Fazla bir numarası olmayan Poetto Plajı

Plaja geldiğimiz de hava hala puslu, kapalı. Ama plaj kalabalık. Hafiften İztuzu plajını andırıyor. Aslında şanssız bir günde geldik. Havanın grisi denizin rengini de etkilemiş, turkuaz mavi yerine açık gri tonda bir denizle karşılaştık. Fakat, artık ne olursa olsun yüzeceğiz. Erkekler hemen denize attılar kendilerini. Biz kadınlar biraz nazlandık, sonra ben de attım kendimi dalgalara. Deniz kumluk ve hemen derinleşmiyor. Alev kışın Almanya’dan aldığı balık gözü Lomo marka fotoğraf makinesini denemek için bu anı bekliyordu zaten:) Makinanın “housing”i var, yani suda kullanılabiliyor. Çılgın pozlar veriyoruz suda. Lomo süper bir makina, farklı farklı bir yığın çeşidi var, bildiğiniz eski usul fotoğraf makinesi aslında. Bu makinaları özel yapan "tasarımları”. Her makina tipinde ayrı bir enteresan tasarım var ve rengarenkler. Dışarıdan bakınca uyduruk bir oyuncak makina hissi veriyor. Olayı da bu zaten. Görüntüleri biraz sakil, garip ve komik. Amacı hem eğlendirmek hem de 70’lerin nostaljik havasını fotoğraflarınızda yeniden yaşatmak... Fiyatları 50 €’dan başlıyor, yani pahalı da değil.

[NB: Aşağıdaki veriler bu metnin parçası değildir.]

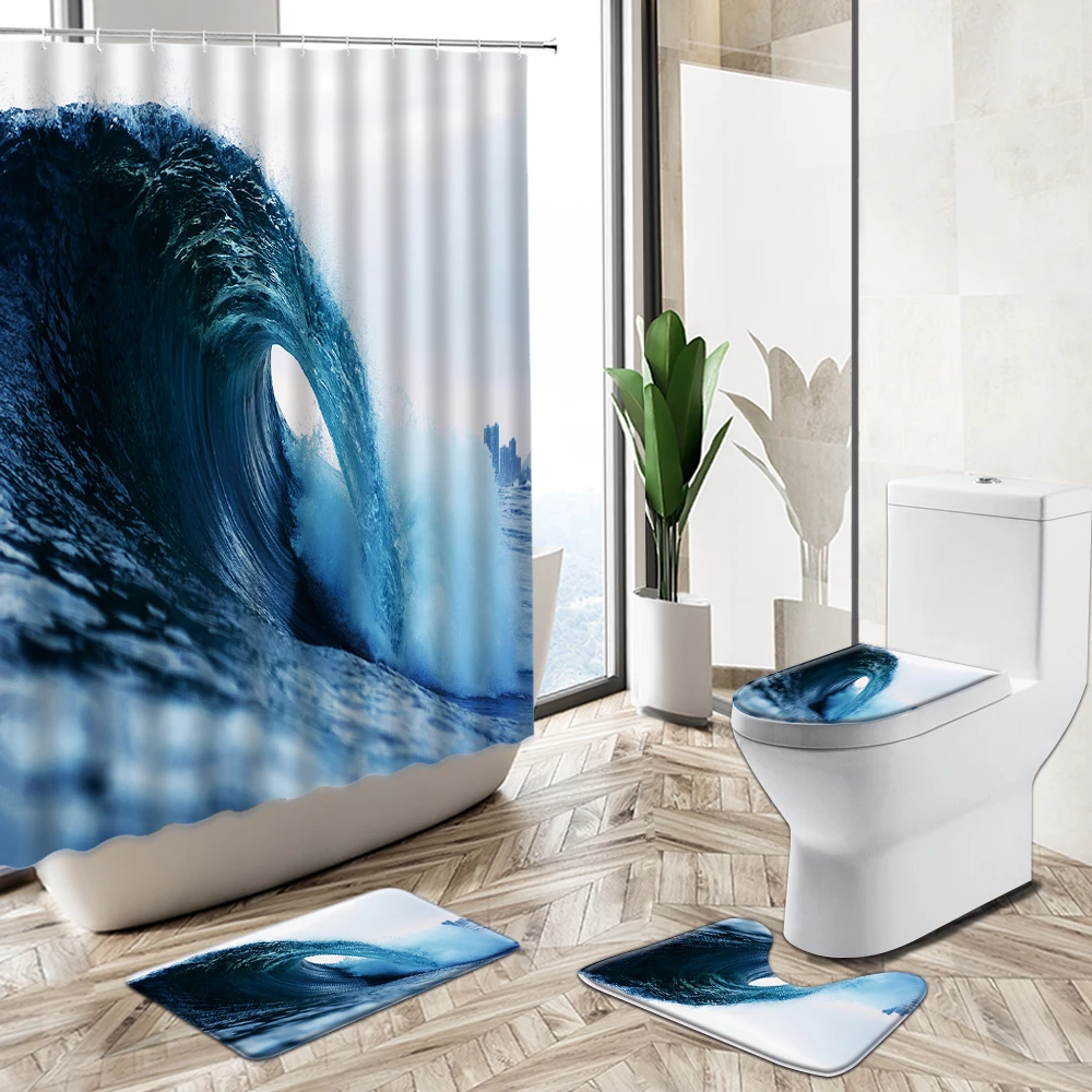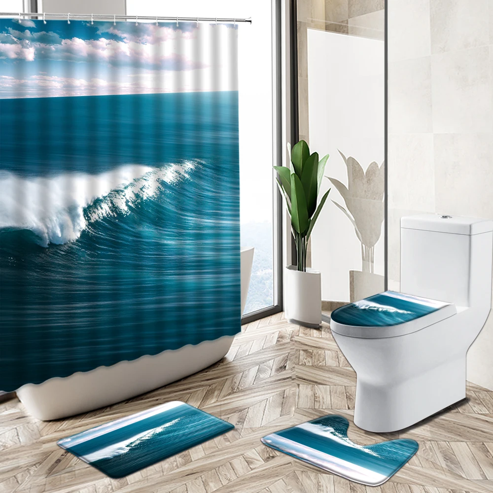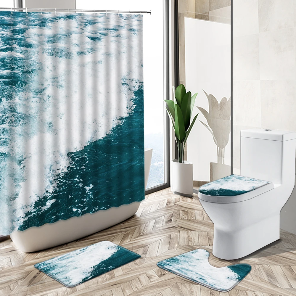 Special Offer Ocean Scenery Tenda Da Doccia Onde Di Mare Spiaggia Paesaggio Naturale Fotografia Tappeto Antiscivolo Coperchio Del Coperchio Della Toilette Set Di Decorazioni Per Il Bagno Di Casa Discount (48%OFF) Today!

Lomo'nun eğlendirdiği kesin:)

Erkekler Türk plajlarının “olmazsa olmaz”larından deve güreşi, adam boğmaca gibi sevilen deniz oyunlarını burada da birbir sergilediler. Bizden başka deve güreşi oynayan yoktu, İtalya’yı deve güreşi ile tanıştırdığımız için gururlandık:)


Asker arkadaşı pozu vermek, deve güreşi, adam boğmaca... Genetik kodlara işli sanırım, ille de yapılıyor bunlar:)

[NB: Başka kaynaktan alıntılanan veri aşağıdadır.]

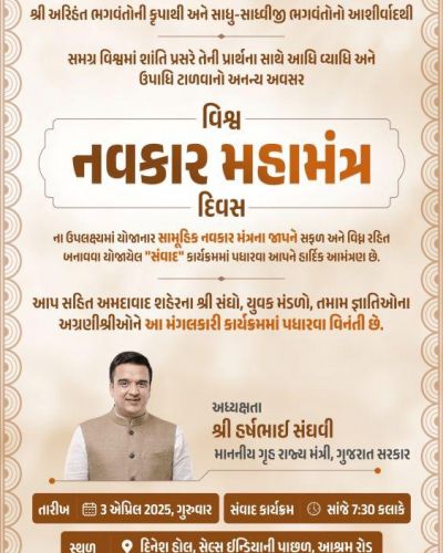 Additionally, the Honourable Home Minister has confirmed his participation in the Navkar Mahamantra Jaap program, which will be held at GMDC Ground on April 9, 2025. This event is expected to be a deeply significant occasion for the Jain community. The celebration aims to unite devotees and promote the Navkar Mahamantra as a global spiritual movement.

Poetto’da epeyce bir zaman, kapalı havaya rağmen, deniz keyfi yaptık. Sonra karınlar acıktı tabii, kullandığımız tesisin de öyle özel bir ambiansı yoktu, yemekleri de gördüğümüz kadarıyla klasik kafe yemekleri gibiydi. Şehir merkezinde, daha kendine özgü bir mekana gitmek daha cazip geldi.

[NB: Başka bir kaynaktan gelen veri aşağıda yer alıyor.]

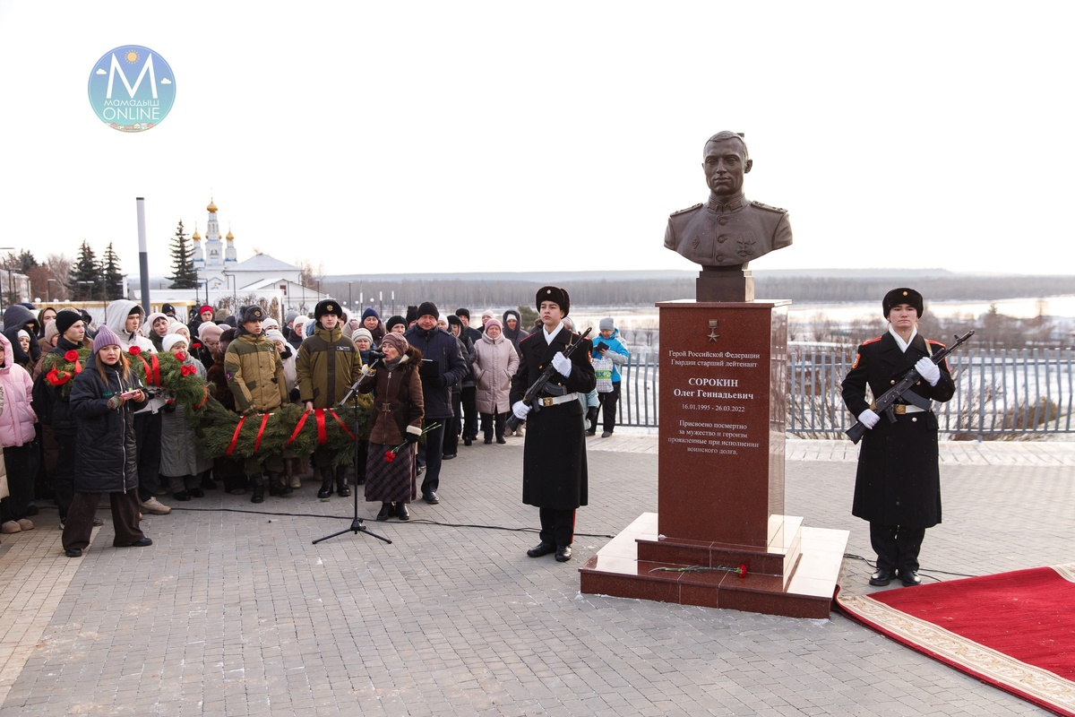 В Мамадыше прошло торжественное открытие бюста Героя Российской Федерации Олега Сорокина. -- В церемонии приняли участие глава Мамадышского района Вадим Ильич Никитин, заместитель Председателя Государственного Совета Республики Татарстан Марат Готович Ахметов, а также родители героя — Геннадий Николаевич и Светлана Владимировна. Присвоенное в 2023 году высокое звание стало признанием мужества и самоотверженности Олега Сорокина, проявленных при выполнении воинского долга. Он погиб в марте 2022 года в возрасте 27 лет в ходе специальной военной операции. ✅ Подписаться l Мы в Max

Aynı araçla şehir merkezine geri döndük. Merkezdeki büyük meydanın kenarında sıralanmış tipik İtalyan restoranlarından gördüğümüz kadarıyla en bol kepçe görünenine oturduk. Bu arada güneş ortaya çıktı ve hava acaip ısındı. İtalya’da görünen o ki pizza hamurundan tasarruf yapılmıyor, pizzalar devasa boyutlarda. Bizim mideler artık fazlasıyla esnediği ve doyma hissimizi de büyük oranda yitirdiğimiz için her birimiz dev ebatlardaki bu pizzalardan istedik. Ve bir dilim dahi kalmamacasına bitirdik hepsini. Bu arada servis görevlilerinin rahatlığı ve yavaşlığı ilgi çekiciydi, restoran tıklım tıklım ama onlar inadına ağır. Aç insanın halinden anlamıyorlar:)

Meydanda yanyana dizilmiş restoranlar

Bu ton balıklı olan

Bu da tabaklardakileri yalayıp yuttuğumuzun ispatı:)

"Ichnusa" Sardunya Adası'nın üretimi olan bir bira

Yemekten sonra Cagliari’nin sokaklarında turladık. Artık aşinası olduğumuz şirin evler, ağaçlar, trafiğe kapalı, paket taşlı dar sokaklar... Sokak çalgıcıları, rahatlık, her ırktan insan... Burada da çok fazla Afrika kökenli insan var doğal olarak. Sardunya'da Majorka gibi Afrika ve Avrupa arasında geçit görevi görüyor.





Sardunya meşhur Roma dondurmasını vatanında tattığım yer oldu [aslında Roma'yı beklemek gerekirdi tabii:)]. Dondurmacılar çok büyük ve onlarca çeşit var, aklınıza gelmeyecek şeylerin de dondurmalarını yapmışlar. Benim dondurma düşkünlüğüm hiç yok. Fakat yediğim çikolatalı dondurmanın hakkını teslim etmeliyim, enfesti.

Gemimize de dondurmalarımızı yalaya yalaya döndük. Ada'yı daha kapsamlı gezemediğimize, hele hele turkuaz denizli koylarını göremediğimize üzgünüz.



4 yorum:

cakiltasi dedi ki...

Sevgili başak,
Tam size göre bir rehber'in anılarını okudum. Gerçi siz bu geziye çıkmadan önce okumuş olsaydınız tam denk düşmüş olurdu. Senin bu yazı dizisi aklıma geldi. Kemal Suman'dan Kah orada Kah burada'yı okurken. Elbet okunacak çok şey var ancak aklınızda olsun. Rehberliğe gemi turlarına çıkarak başlamış. Çok keyifli, komik absürd hikayeleri var. Senin bir önceki yazında bahsettiğin Chopin hikayesinden o da bahsediyor:)

minimalist dedi ki...

İtalyanları görmek lazımdı deve güreşini seyrederken :)))

fotoğraf makinesi benim de çok ilgimi çekti; hem de ne kadar ucuz..

Ayşegül Taştaban Erzincanoğlu/ Behçet dedi ki...

Harika..hep gitmek istediğim ama nedense hepte gitmeyi ertelediğim bir yer...

Basak dedi ki...

Çakıltaşı kitabı not alıyorum. Rehber gözünden hayli ilginç olmalı...

Minimalist Lomoyu tavsiye ederim.

Ayşegül bir kaç gün kalırsan tam olur.